BBC1’s The Miniaturist (26/7 December) is a lavish two-part adaptation of Jessie Burton’s bestseller. It’s also further proof that almost any geographical and historical setting can be conscripted to tell us what’s apparently the only story we’re interested in these days: an alliance of plucky and unfailingly virtuous black people, gay people and women taking on the repressive forces of straight white blokes.
The main character, Nella (Anya Taylor-Joy), is ostensibly a young 17th-century Dutchwoman who’s been married off to a rich Amsterdam merchant. On closer inspection, though, she turns out to be a 21st-century feminist who’s somehow been transported back in time to show our benighted forebears the error of their patriarchal ways.
At first, admittedly, it seems as if the programme will be a straightforward mix of Rebecca and Girl with a Pearl Earring, as Nella walks timidly through a series of immaculate Dutch interiors (cue those black-and-white tiled floors), while being alternately frowned at and rebuked by her husband’s Mrs Danvers-like sister, Marin.
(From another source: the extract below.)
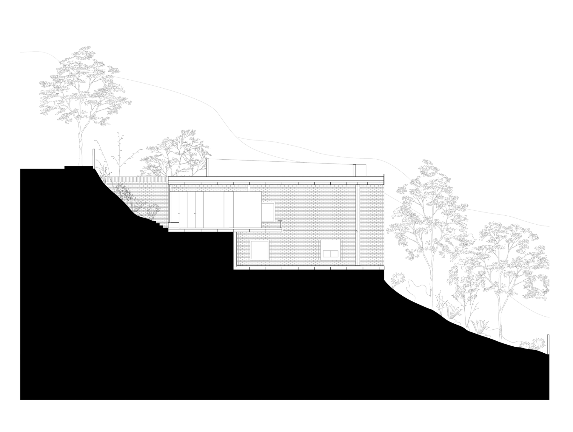 The programme is divided into two staggered levels down the hill, preventing the building from standing out over the street. Two entrances are connected through a staircase along the west wall, while on the opposite front, limited openings control visuals of neighbouring houses. In a radically different attitude, the two other facades open entirely to the outdoors.

Nella’s mousiness, however, doesn’t last. Before long, she’s befriended a kindly black servant and a feisty maid, informed her husband that ‘I want to be your wife [not] just someone you own, like a dog’, and begun to show an increasingly shrewd understanding of the international sugar trade. As part of her stand against bigotry in all its forms, she even gets the puritan Marin (Romola Garai) to realise there are more important things in life than God — female solidarity for one.
The obvious trouble is that, whereas Marin manages to shake off her irritating piety, the programme itself never does. The Miniaturist is always lovely to look at and the cast are uniformly good, despite too often having to deliver lines of slightly portentous, viewer-nudging dialogue.